A provocative new video that highlights sexism by showing young girls swear at the camera has been reinstated on YouTube, having been taken down by the channel.
The video, posted yesterday by American for-profit company FCKH8.com, features five girls, aged six to 13, dressed as princesses asking: “What’s more offensive? A little girl saying f**k or the sexist way society treats girls and women?”
In the footage, the girls discuss examples of continuing sexism, including: “One out of five women will be sexually assaulted or raped by a man. Stop telling girls how to dress and start teaching boys not to f**king rape.”
The girls count to five and ask: “Which one of us will it be?”
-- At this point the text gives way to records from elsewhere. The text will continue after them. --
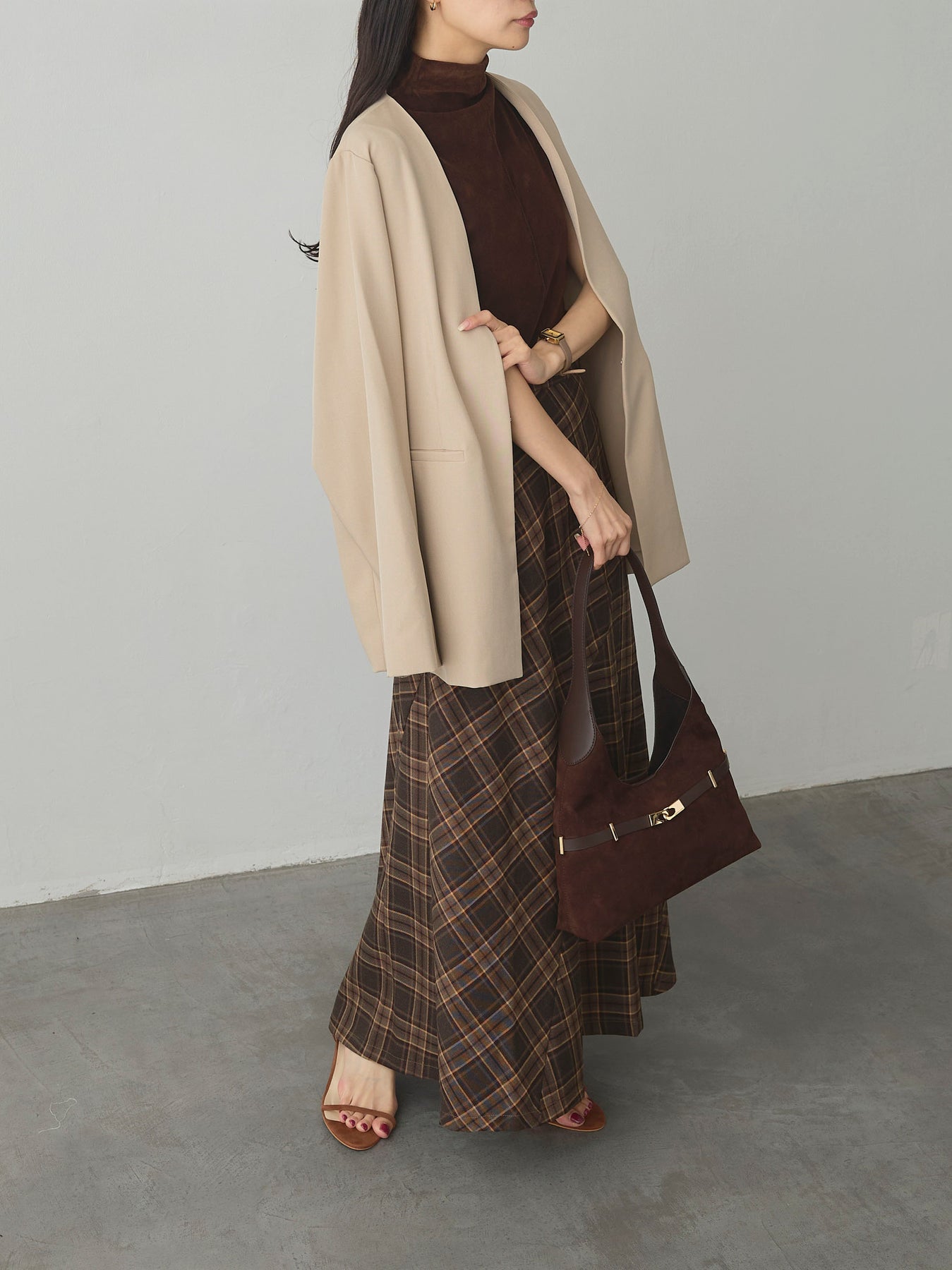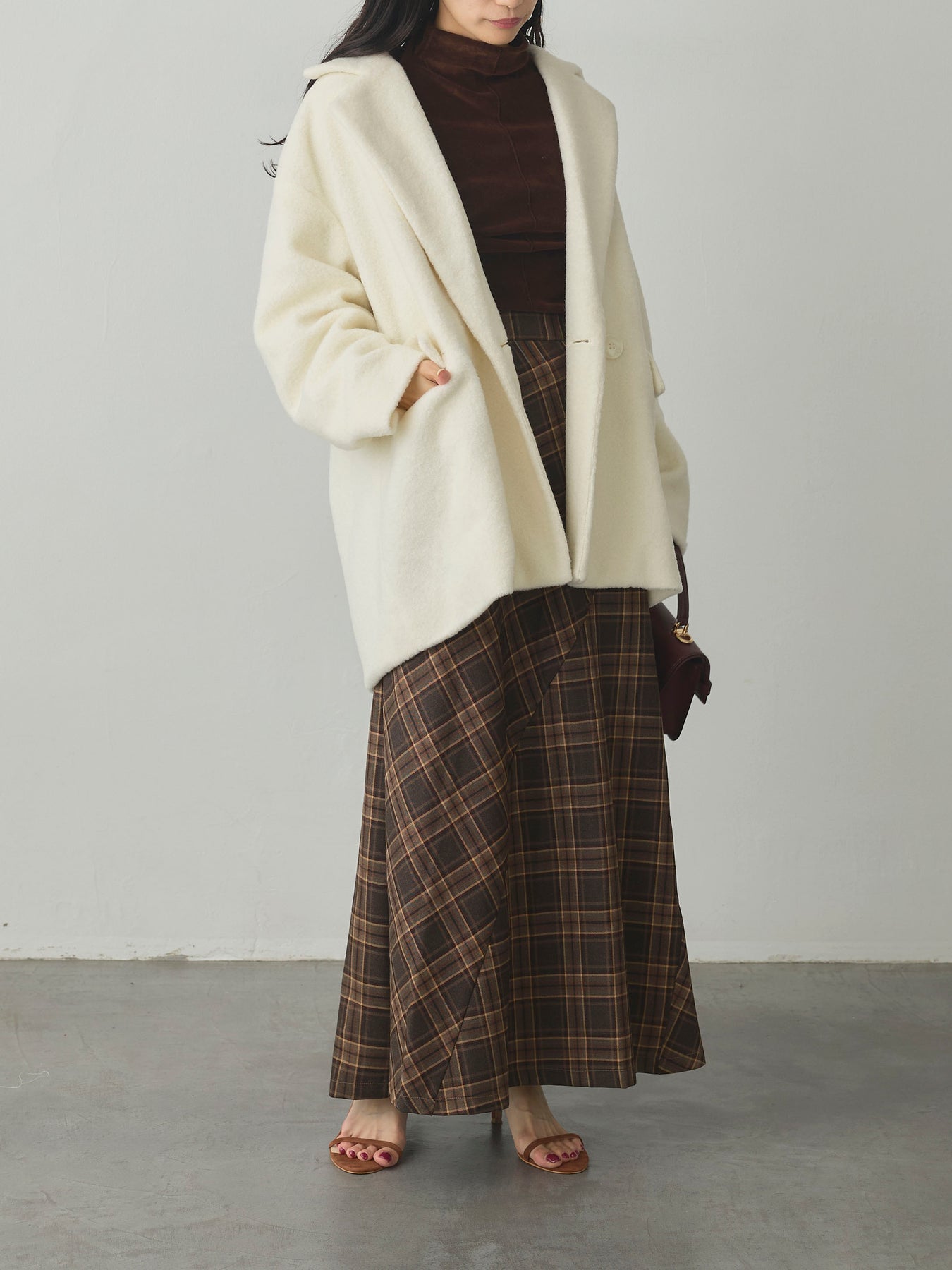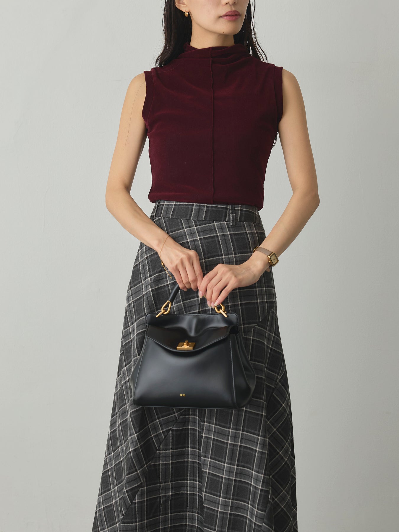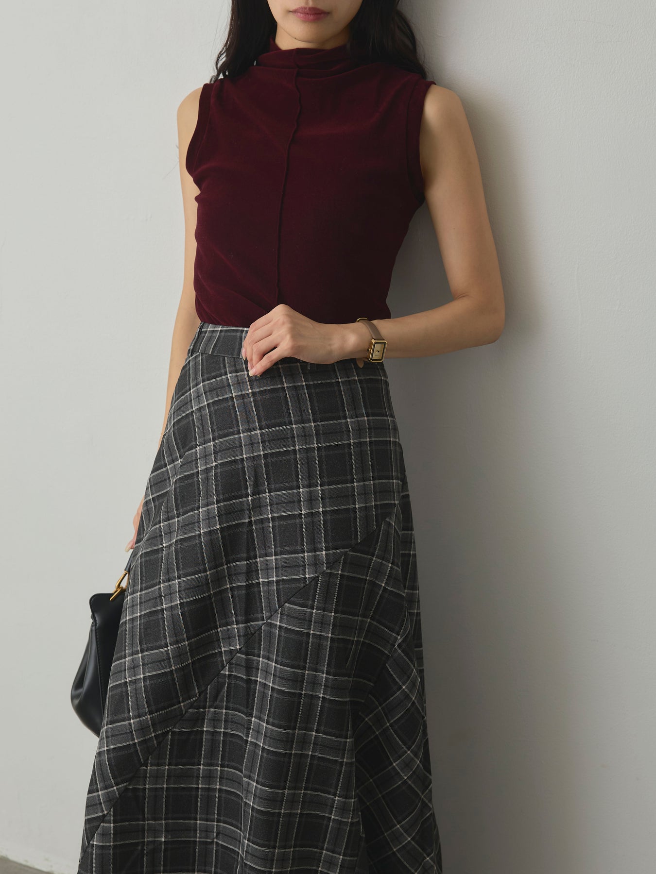 【モデル着用サイズ:BROWN/S、BLACK/S】 クラシカルなチェック柄を取り入れたパネルデザインのスカート。程よく広がるシルエットが上品な印象を演出し、シンプルなトップスと合わせるだけでスタイリングが決まります。
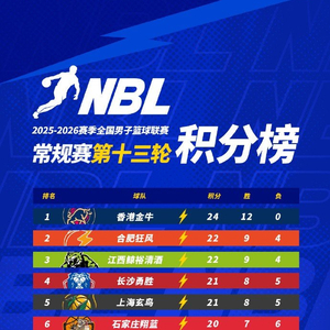 【积分榜】2025-2026赛季NBL常规赛积分榜(截至第十三轮结束)
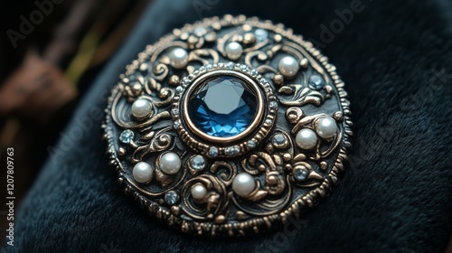 Elegant antique brooch featuring intricate floral design on dark fabric background
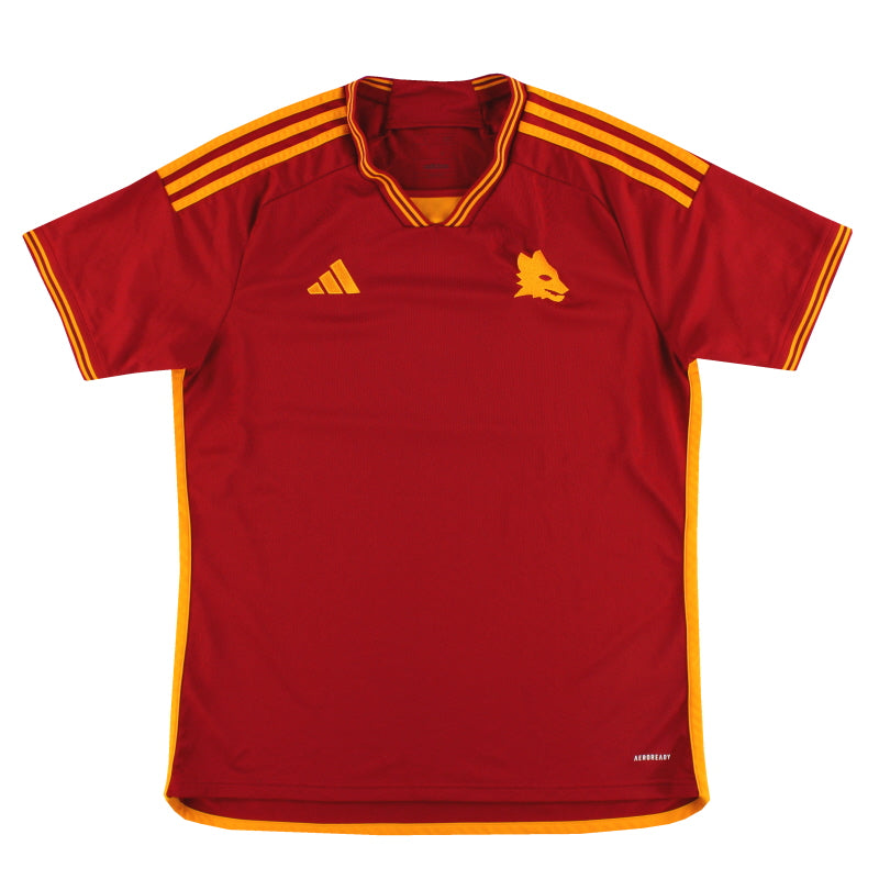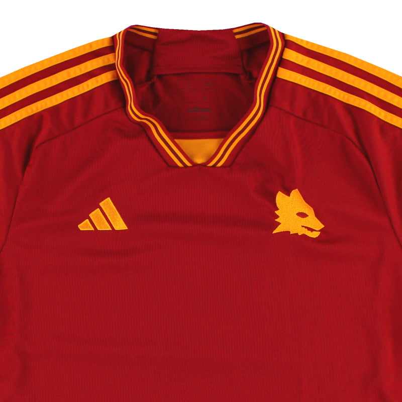 Three decades after its last appearance, adidas returns to AS Roma’s shirt with a design inspired by the 1990s, particularly the 1992-93 season. The home shirt for the 2023-24 season features a minimalist and classic design, celebrating the club’s traditional colors. The timeless red base is accented with yellow detailing, creating a look steeped in heritage. The iconic 'Lupetto' emblem, a wolf head designed by Piero Gratton in 1978, makes its return, positioned on the left of the shirt. This symbol, deeply rooted in the club’s history, now complements the adidas logo on the opposite side of the shirt.
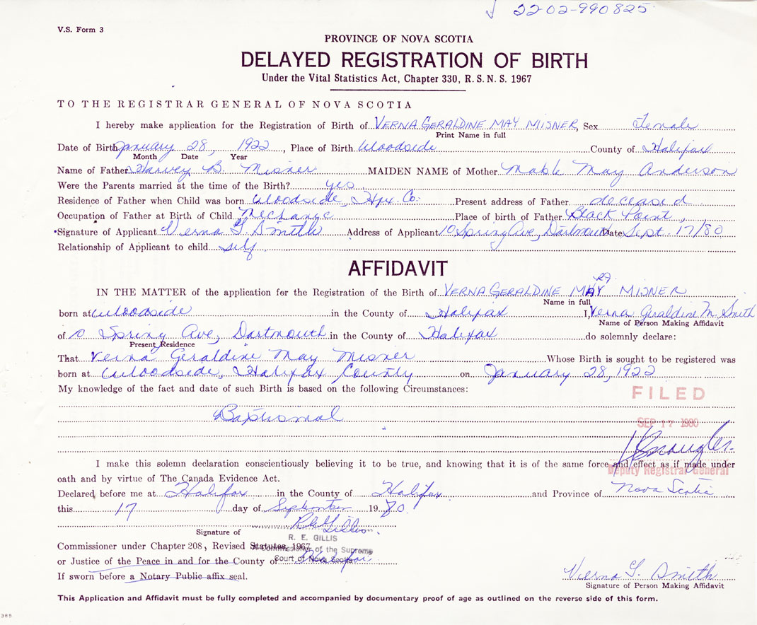 IN THE MATTER of the application for the Registration of the Birth of Verna Geraldine MayMisner
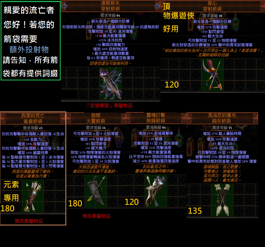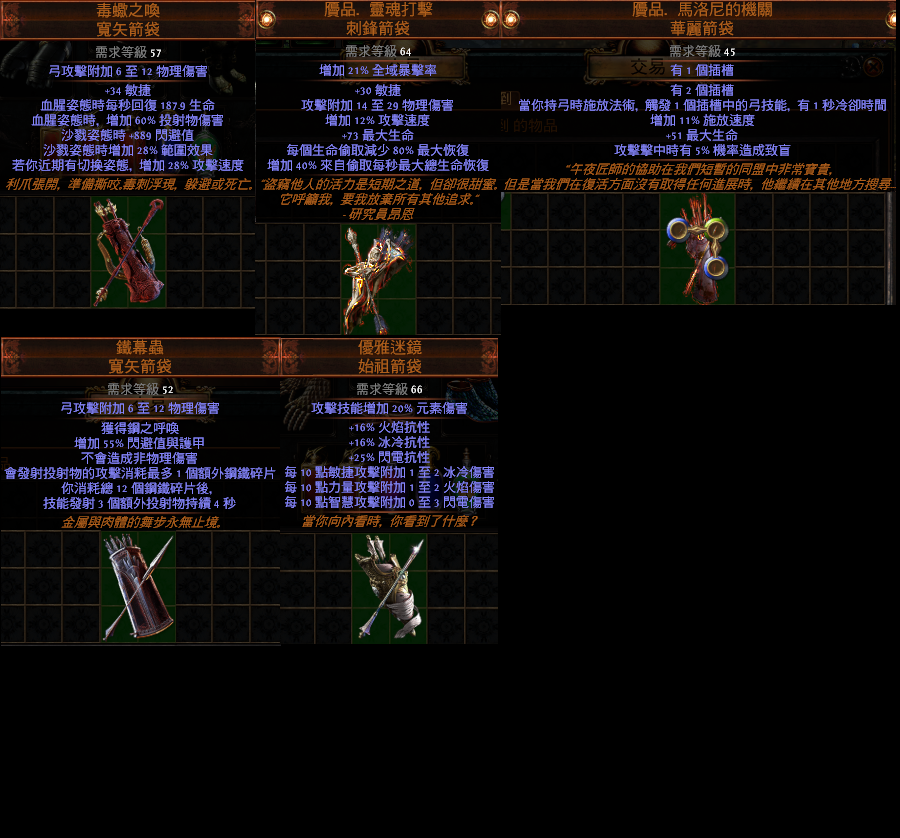 其他『箭袋』『珠寶』『深淵珠寶』『藥水』『地圖』『技能』『雜項』

On the YouTube page a message had read: “This video has been removed because its content violated YouTube’s terms of Service.”
However, a spokesperson for the channel said to The Independent: "Our policy team had a look at the video and it looks like there was an error and it shouldn't have been removed. As a result they have now reinstated it."
She continued: "With the massive volume of videos on our site, sometimes we make mistakes."
Made by T-shirt company FCKH8.com, which describes itself as having “an activist heart and a passionate social change mission”, the video also features women wearing tops emblazoned with “Girls just want to have FUN-damental rights”.
The shirts are for sale for $15, with the company promising that $5 from each sale will “benefiting five anti-sexism organisations and projects”.
The project has met with some controversy. Adweeks’ Rebecca Culler wrote: “I'm less concerned with the swearing, and more concerned with the loss of innocence that results from telling these 6- to 13-year-olds that between one and five women will be raped in their lifetime and then having them count off and wonder if they're going to be the one.”
The video has already had over one million plays on Vimeo, where it is still available, sparking hundreds of comments.
Video producer Mike Kon said: “Some adults may be uncomfortable with how these little girls are using a bad word for a good cause. It is shocking what they are saying, but the real shock is that women still paid less than men for the same work in 2014, not the use of the F-word.
“The big statistic that 1 out of 5 women are sexually assaulted or raped is something society seems to find less offensive than a little four letter word and we love how these girls draw attention to that imbalance.”